If the court cannot decide which version is more probable it will grant ‘absolution from the instance’. The plaintiff may reinstitute proceedings against the defendant and rely on the same cause of action provided the claim has not become prescribed.
Special pleas
A special plea does not raise a defence on the merits of the case but sets up some special defence which has the objective either to –
– delay the proceedings (dilatory plea); or
– object to the jurisdiction of the court (declinatory plea); or
– quash the action altogether (peremptory plea).
The pleading is given the heading ‘Special Plea’ and the grounds to be relied upon is set out in the body of the plea.
There are essential differences between a special plea and an exception. Exception is appropriate when the defect in the particulars of claim appears ex facie (on the face thereof). The excipient cannot introduce new facts or evidence of the defect. Special plea is appropriate when it is necessary to place facts before the court to show that there is a defect in the particulars of claim. The defendant can introduce new facts or evidence of the defect. Exceptions are dealt with in detail later.

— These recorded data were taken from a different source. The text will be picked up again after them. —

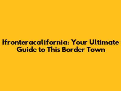 Ifronteracalifornia: What You Need To Know
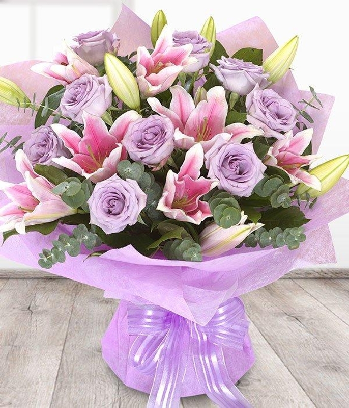 A very attractive combination of gorgeous lavender Roses and pretty pink Lilies. Aqua packed for freshness, it's ready to display.
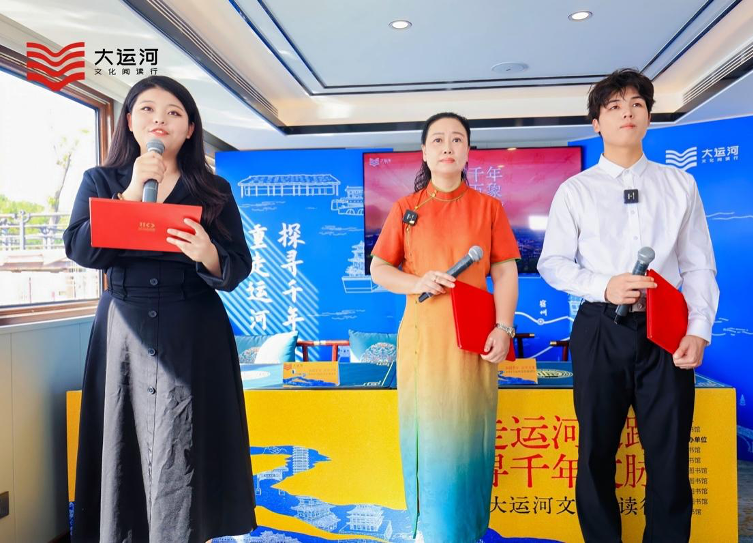 “天际沙明帆正悬,翩翩遥望影相连。漕艇贾舶如云集,万国梯航满潞川。”在轻柔舒缓的配乐声中,中国诗歌协会会员、金牌阅读推广人张文娟、北京现代音乐研修学院播音朱俊杰、赵晨妍,通过《千年大运河:古典诗词的黄金水道》古诗诵读,演绎了中国大运河沿途八省市的八首代表性特色古诗。朗读者声情并茂地表达与船外的北运河绚丽风景融为一体,不禁令人入情入景,思绪跃古今。
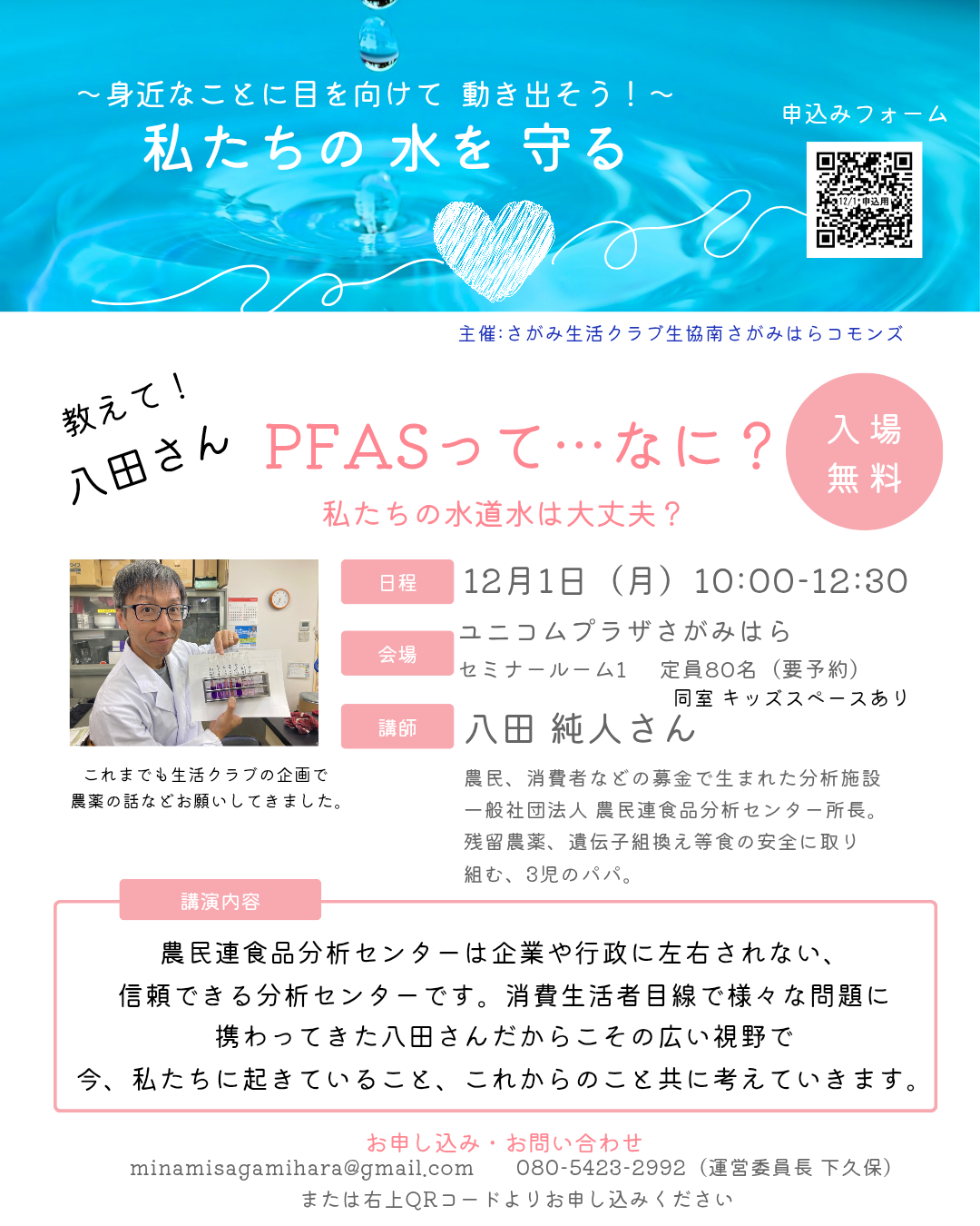 主催チームより、相模原のPFAS汚染の現状もお伝えしたいと思います。是非ご参加ください。
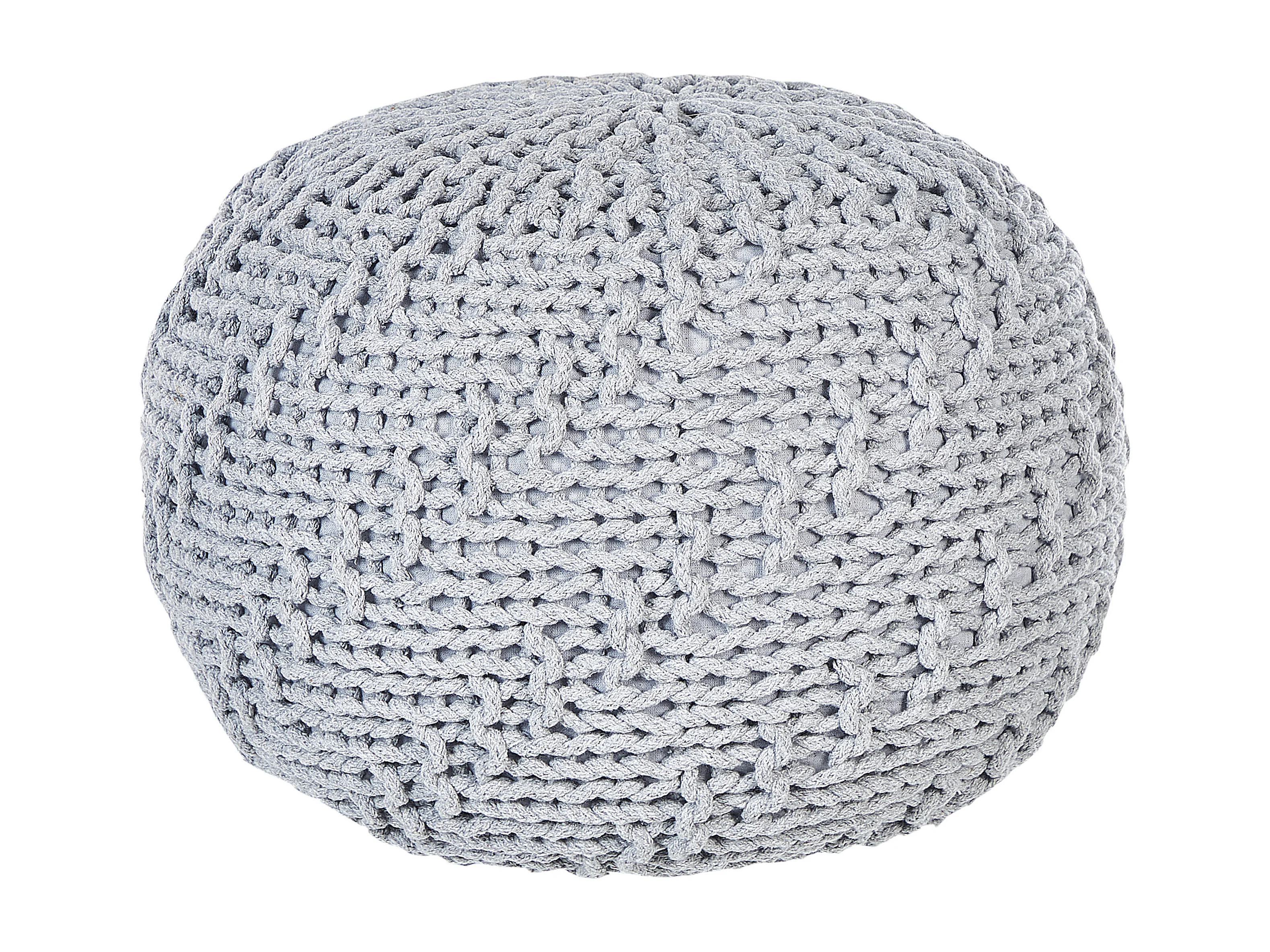 Runder Pouf Ottomane Baumwolle grau 50 x 50 x 35 cm gestrickt Boho Priene

Special pleas are also distinguished from objections. Objections are taken by way of application before the trial.
The following are some special pleas that can be raised:
- Prescription: a peremptory plea that renders the claim permanently unenforceable.
- Jurisdiction: a declinatory plea that quashes the action as far as the court is concerned, but the merits of the case may be tried by another court (with jurisdiction).
- Lis pendens: a dilatory plea that delays the proceedings. Where a defendant contends that a suit between the parties on the same cause of action is pending in another court.
- Locus standi: a peremptory plea that quashes the action altogether. A person wishing to institute or defend legal proceedings must have a direct and substantial interest in the right which is the subject matter of the litigation and the outcome of such litigation. This may also be dealt with on exception.
- res judicata: a peremptory plea that quashes the action altogether. It is raised as defence to a claim that was already disposed of by a judgment in a prior action between the same parties concerning the same subject matter and the same cause of action.
- Non-joinder or misjoinder: a dilatory plea that delays the proceedings. If evidence is required that another person should have been joined as plaintiff or defendant, or some party who has been joined ought not have been. If the non-joinder or misjoinder is apparent ex facie the pleadings the objection may be taken by way of exception.
- Arbitration: a dilatory plea that delays the proceedings. When arbitration is a condition in the terms of a contract. The defendant must state that he agreeable to the dispute being referred to arbitration. A matter can be brought on application in terms of the Arbitration Act.
This list of special pleas is not exhaustive but are most commonly raised.